### Assignment
Reproduce the records below exactly, but only between the lines holding "कैलालीको घोडाघोडी नगरपालिकाले" and "Solid short raglan", inclusive.

### Records from a data source
■ ■ ■ ■ ■ ■ ■
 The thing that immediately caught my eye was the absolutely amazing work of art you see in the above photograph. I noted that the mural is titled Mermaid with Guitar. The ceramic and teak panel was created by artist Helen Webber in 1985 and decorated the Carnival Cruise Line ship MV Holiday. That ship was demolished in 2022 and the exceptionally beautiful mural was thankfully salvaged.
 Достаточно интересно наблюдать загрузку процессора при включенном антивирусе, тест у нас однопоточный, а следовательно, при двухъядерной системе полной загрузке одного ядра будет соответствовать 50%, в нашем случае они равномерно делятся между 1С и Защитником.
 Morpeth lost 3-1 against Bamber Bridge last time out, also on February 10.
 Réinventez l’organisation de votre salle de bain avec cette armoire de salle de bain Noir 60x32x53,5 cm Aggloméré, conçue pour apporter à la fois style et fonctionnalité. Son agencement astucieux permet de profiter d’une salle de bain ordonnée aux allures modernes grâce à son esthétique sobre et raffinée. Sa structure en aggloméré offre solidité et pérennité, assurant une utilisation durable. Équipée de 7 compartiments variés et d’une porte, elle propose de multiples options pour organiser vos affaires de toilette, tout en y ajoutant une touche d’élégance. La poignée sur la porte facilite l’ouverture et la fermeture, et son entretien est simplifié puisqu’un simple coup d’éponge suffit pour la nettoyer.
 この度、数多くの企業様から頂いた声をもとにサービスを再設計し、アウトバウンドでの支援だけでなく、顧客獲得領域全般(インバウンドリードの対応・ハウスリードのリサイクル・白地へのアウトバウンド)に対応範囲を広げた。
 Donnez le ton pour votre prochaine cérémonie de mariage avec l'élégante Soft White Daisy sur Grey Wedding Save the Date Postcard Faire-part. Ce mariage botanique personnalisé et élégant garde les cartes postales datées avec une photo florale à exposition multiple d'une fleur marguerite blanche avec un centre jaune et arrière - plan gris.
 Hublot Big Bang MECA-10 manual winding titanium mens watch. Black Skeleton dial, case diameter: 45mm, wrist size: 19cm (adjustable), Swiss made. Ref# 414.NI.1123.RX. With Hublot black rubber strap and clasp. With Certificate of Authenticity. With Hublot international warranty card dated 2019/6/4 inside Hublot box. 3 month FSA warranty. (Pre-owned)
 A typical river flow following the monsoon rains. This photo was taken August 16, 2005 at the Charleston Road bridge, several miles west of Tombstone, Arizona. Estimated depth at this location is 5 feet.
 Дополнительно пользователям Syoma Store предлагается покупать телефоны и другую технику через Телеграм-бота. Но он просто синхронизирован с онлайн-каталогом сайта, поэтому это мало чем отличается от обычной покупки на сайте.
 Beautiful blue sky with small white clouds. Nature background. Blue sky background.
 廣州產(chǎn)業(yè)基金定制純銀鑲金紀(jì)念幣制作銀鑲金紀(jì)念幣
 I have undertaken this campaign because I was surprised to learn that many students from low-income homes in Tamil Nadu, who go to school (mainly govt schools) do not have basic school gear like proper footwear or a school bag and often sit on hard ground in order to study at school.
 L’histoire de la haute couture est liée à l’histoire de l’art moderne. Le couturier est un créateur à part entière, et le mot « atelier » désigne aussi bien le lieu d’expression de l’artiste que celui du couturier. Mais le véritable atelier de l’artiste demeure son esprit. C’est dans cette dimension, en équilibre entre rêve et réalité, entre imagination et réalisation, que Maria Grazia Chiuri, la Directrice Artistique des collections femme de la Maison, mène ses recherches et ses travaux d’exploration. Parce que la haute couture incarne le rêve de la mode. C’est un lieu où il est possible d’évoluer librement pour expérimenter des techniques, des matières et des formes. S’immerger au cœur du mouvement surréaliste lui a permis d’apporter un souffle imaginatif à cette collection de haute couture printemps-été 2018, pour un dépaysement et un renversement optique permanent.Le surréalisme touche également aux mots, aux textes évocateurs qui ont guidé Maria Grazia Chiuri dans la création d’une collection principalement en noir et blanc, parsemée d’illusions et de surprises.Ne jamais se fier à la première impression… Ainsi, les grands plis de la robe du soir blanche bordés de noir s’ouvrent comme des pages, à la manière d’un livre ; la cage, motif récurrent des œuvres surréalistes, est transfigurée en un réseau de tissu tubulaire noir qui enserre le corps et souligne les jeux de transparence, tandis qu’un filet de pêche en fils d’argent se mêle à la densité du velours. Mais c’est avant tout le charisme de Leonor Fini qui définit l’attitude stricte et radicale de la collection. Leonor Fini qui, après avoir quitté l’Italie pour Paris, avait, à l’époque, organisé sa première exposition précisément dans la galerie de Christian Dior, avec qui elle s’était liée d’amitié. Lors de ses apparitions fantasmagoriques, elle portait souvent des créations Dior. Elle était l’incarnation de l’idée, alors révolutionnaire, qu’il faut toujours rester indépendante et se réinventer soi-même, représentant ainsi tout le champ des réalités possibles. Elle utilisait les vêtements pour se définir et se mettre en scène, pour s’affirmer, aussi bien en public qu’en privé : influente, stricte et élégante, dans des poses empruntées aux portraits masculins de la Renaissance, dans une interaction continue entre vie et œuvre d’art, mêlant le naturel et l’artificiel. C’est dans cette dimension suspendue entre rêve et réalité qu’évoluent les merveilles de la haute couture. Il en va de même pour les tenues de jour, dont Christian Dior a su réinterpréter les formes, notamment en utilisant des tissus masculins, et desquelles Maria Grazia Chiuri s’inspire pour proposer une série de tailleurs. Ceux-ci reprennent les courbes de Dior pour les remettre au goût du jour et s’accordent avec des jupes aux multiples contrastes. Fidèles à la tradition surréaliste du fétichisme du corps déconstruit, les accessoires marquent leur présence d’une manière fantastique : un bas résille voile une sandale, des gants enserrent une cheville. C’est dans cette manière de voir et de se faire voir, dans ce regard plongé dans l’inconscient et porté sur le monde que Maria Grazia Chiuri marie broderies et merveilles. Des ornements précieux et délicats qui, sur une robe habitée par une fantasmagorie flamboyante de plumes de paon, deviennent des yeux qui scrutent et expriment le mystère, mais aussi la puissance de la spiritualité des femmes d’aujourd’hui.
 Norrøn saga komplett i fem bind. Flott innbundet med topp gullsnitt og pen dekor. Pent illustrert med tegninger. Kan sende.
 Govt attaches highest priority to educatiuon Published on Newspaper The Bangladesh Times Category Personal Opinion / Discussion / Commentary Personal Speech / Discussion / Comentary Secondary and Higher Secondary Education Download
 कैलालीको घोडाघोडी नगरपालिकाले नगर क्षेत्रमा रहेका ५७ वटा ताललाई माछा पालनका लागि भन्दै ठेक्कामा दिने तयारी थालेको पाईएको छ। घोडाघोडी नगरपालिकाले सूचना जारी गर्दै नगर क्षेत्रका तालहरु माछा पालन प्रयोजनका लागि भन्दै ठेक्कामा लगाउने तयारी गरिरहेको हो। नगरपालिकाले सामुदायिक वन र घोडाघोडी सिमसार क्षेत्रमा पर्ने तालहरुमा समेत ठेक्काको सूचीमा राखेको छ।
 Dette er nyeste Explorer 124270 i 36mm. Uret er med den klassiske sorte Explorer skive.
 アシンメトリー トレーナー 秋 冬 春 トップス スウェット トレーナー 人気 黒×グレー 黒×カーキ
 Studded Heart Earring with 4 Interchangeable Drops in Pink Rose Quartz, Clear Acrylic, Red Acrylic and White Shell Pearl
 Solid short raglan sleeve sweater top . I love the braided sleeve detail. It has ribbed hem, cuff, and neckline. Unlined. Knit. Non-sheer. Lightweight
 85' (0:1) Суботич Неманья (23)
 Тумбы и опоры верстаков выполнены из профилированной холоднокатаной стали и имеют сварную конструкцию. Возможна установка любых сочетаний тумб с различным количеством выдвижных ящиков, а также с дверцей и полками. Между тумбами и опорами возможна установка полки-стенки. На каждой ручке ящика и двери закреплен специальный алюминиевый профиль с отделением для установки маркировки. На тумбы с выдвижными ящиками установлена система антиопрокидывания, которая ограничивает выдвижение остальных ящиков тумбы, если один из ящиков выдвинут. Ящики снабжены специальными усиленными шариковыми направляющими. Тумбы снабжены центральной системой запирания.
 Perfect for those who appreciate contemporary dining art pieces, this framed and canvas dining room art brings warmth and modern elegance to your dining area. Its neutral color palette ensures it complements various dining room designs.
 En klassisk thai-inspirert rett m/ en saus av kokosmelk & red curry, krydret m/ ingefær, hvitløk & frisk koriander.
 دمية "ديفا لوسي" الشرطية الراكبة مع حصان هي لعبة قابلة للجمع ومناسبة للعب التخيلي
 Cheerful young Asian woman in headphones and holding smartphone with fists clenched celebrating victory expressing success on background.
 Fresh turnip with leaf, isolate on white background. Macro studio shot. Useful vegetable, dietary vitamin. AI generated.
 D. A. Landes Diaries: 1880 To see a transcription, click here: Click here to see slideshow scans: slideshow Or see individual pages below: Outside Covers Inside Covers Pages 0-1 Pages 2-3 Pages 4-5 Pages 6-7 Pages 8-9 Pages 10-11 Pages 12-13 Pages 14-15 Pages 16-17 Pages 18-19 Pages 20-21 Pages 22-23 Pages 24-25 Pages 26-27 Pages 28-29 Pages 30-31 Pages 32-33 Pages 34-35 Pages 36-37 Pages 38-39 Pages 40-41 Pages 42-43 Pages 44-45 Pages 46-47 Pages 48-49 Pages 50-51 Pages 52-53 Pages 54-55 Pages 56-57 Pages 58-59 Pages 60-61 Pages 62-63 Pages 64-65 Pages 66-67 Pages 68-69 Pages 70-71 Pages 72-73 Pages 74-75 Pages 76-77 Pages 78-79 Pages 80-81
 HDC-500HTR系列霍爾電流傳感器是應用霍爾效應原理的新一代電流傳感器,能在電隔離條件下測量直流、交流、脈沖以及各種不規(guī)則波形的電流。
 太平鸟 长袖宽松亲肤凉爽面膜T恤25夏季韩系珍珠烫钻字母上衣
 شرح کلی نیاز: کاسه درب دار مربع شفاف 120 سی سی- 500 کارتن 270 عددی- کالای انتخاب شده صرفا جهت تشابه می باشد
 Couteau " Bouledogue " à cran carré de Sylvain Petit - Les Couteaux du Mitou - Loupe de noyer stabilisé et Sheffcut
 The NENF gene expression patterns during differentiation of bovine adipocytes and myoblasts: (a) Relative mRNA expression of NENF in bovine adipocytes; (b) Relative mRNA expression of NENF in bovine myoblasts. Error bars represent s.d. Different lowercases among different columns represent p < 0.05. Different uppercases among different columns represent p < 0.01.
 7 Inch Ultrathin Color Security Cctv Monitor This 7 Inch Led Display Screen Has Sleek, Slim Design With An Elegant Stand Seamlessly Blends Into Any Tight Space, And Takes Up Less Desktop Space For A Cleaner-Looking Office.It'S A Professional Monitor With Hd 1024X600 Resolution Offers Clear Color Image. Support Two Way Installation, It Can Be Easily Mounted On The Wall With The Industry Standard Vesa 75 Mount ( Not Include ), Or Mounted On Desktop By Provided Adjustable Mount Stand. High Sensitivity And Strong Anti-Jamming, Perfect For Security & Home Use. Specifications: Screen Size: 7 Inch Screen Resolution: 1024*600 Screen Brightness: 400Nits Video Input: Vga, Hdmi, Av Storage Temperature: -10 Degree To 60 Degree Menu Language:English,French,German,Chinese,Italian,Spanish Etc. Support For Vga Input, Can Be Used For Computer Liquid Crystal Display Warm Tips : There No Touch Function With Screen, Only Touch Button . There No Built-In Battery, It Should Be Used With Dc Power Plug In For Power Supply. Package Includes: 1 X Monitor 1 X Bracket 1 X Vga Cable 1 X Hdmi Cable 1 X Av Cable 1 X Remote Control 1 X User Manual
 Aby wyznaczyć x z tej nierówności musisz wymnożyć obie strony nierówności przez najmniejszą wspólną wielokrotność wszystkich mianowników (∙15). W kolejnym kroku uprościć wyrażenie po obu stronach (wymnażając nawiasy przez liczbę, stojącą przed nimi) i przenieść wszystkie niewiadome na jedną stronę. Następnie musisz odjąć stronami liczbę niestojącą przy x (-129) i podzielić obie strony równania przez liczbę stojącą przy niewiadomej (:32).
■ ■ ■ ■ ■ ■ ■
### Answer to the problem
 कैलालीको घोडाघोडी नगरपालिकाले नगर क्षेत्रमा रहेका ५७ वटा ताललाई माछा पालनका लागि भन्दै ठेक्कामा दिने तयारी थालेको पाईएको छ। घोडाघोडी नगरपालिकाले सूचना जारी गर्दै नगर क्षेत्रका तालहरु माछा पालन प्रयोजनका लागि भन्दै ठेक्कामा लगाउने तयारी गरिरहेको हो। नगरपालिकाले सामुदायिक वन र घोडाघोडी सिमसार क्षेत्रमा पर्ने तालहरुमा समेत ठेक्काको सूचीमा राखेको छ।
 Dette er nyeste Explorer 124270 i 36mm. Uret er med den klassiske sorte Explorer skive.
 アシンメトリー トレーナー 秋 冬 春 トップス スウェット トレーナー 人気 黒×グレー 黒×カーキ
 Studded Heart Earring with 4 Interchangeable Drops in Pink Rose Quartz, Clear Acrylic, Red Acrylic and White Shell Pearl
 Solid short raglan sleeve sweater top . I love the braided sleeve detail. It has ribbed hem, cuff, and neckline. Unlined. Knit. Non-sheer. Lightweight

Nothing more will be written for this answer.